What you have to do:
Beneath this line is the data. Output exactly the lines from the line with "著名工笔花鸟画家、上海文史研" to the line with "Collar con colgante", both ends included, and nothing more.

Data:
§
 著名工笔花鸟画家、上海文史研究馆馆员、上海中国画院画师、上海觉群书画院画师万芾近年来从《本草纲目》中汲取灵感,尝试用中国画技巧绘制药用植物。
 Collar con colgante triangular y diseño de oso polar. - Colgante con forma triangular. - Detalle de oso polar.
§
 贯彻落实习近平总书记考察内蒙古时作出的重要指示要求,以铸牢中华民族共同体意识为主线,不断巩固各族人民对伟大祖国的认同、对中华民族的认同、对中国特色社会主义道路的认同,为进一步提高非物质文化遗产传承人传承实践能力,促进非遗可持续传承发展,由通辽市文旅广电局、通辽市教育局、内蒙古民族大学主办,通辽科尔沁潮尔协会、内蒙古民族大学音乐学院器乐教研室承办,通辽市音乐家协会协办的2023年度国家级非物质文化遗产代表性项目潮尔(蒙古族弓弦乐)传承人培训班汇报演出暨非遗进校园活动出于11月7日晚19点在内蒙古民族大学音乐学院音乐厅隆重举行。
§
Exercise solution:
 著名工笔花鸟画家、上海文史研究馆馆员、上海中国画院画师、上海觉群书画院画师万芾近年来从《本草纲目》中汲取灵感,尝试用中国画技巧绘制药用植物。
 Collar con colgante triangular y diseño de oso polar. - Colgante con forma triangular. - Detalle de oso polar.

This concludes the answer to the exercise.